Background Papers

Jun 10, 2014

Boomer Expatriates Demand Security

By fnsnews 
Published June 3, 2014

Foreign-born residents joined Mexican nationals in a recent demonstration demanding security for a storied but troubled town. Dressed in white and carrying candles, about 400 people staged a silent march late last week through San Miguel de Allende in the central Mexican state of Guanajuato.
Ruth Kear,  a former U.S. resident who currently lives in San Miguel de Allende, articulated public safety fears held by a growing number of residents which, in her case, is based on personal experience. Kear told a Mexican reporter that she had been robbed three times in her home, including on two occasions by armed and masked thieves.
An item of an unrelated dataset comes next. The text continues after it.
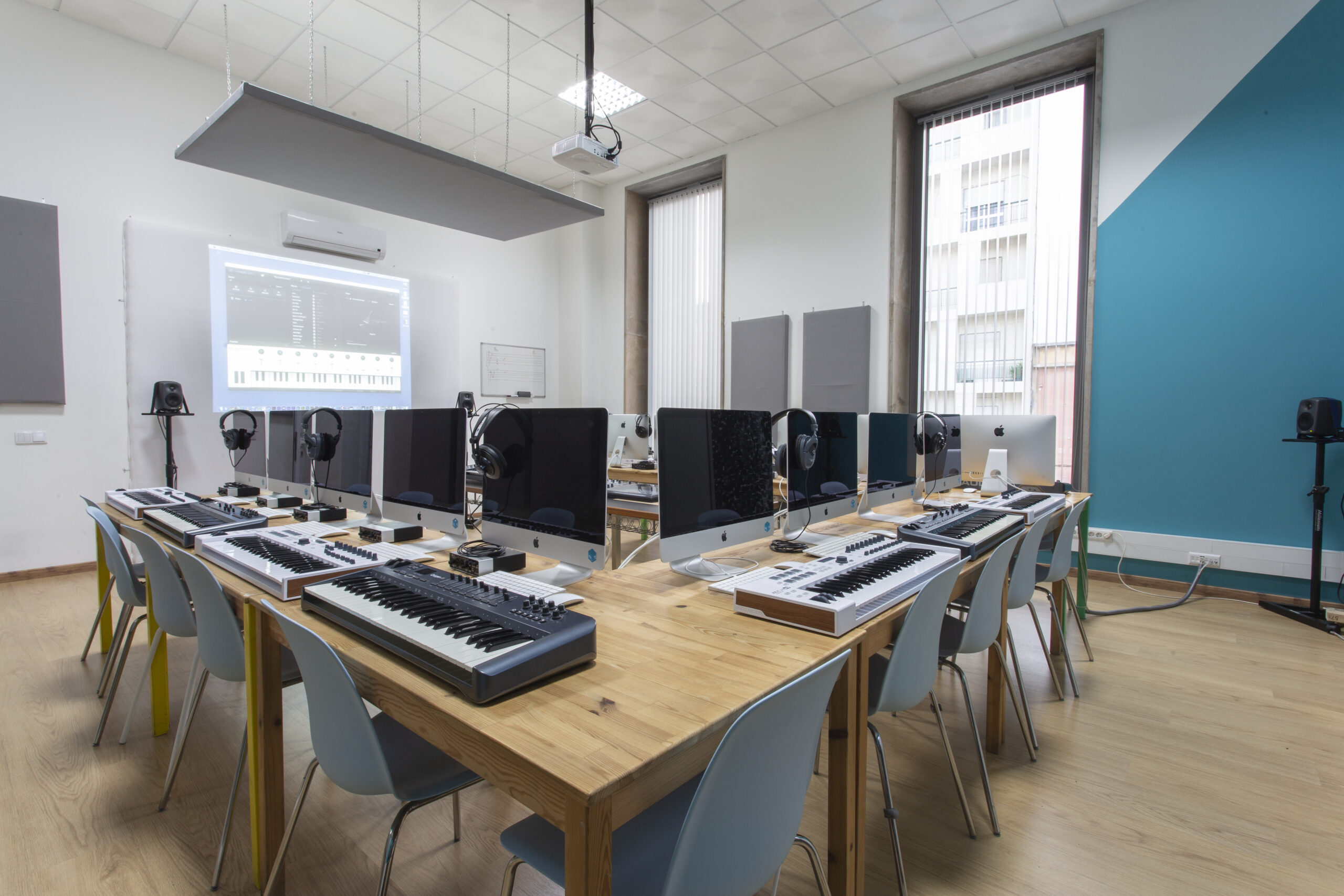 A formação em Som e Música acontece em espaços profissionais únicos no Algarve, criados para te pôr no centro da ação. Tens acesso a uma sala de aula moderna e com tecnologia de som de última geração, disponível tanto para as aulas como para os teus projetos pessoais.
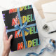 This multicolored, exciting, fun wrapping paper design features the common first name "MADELINE" having a colorful rainbow spectrum inspired coloring pattern. The background is colored black. Vibrant wrapping paper like this might be a fun way to wrap a present or gift being given to somebody named Madeline. [~Z0000354]

“They put a pistol to my head and said, ‘Miss, do you want to taste the bullet?’” Kear was quoted.  “I am afraid. Now I have many bad dreams. When I am in my studio, sometimes I see those men.”
The mounting complaints of insecurity contrast sharply with San Miguel de Allende’s commercialized image as a laid-back cultural and historic destination.

The cradle of Mexican independence, San Miguel de Allende was selected as the best city in the world in Conde Nast Traveler magazine’s 2013 reader’s choice poll.  Classified by the Mexican federal government as among the nation’s “magic towns,” San Miguel de Allende has also been designated as a World Heritage Site  by the United Nations.

Over the decades, the small city of 160,383 inhabitants (2010 Census), has attracted a sizable expatriate community drawn from North America,  Europe, Asia and Latin America. An estimated 14,000 local residents are foreign-born, mainly from the United States, but also from Canada, England, Japan, Colombia, and other nations.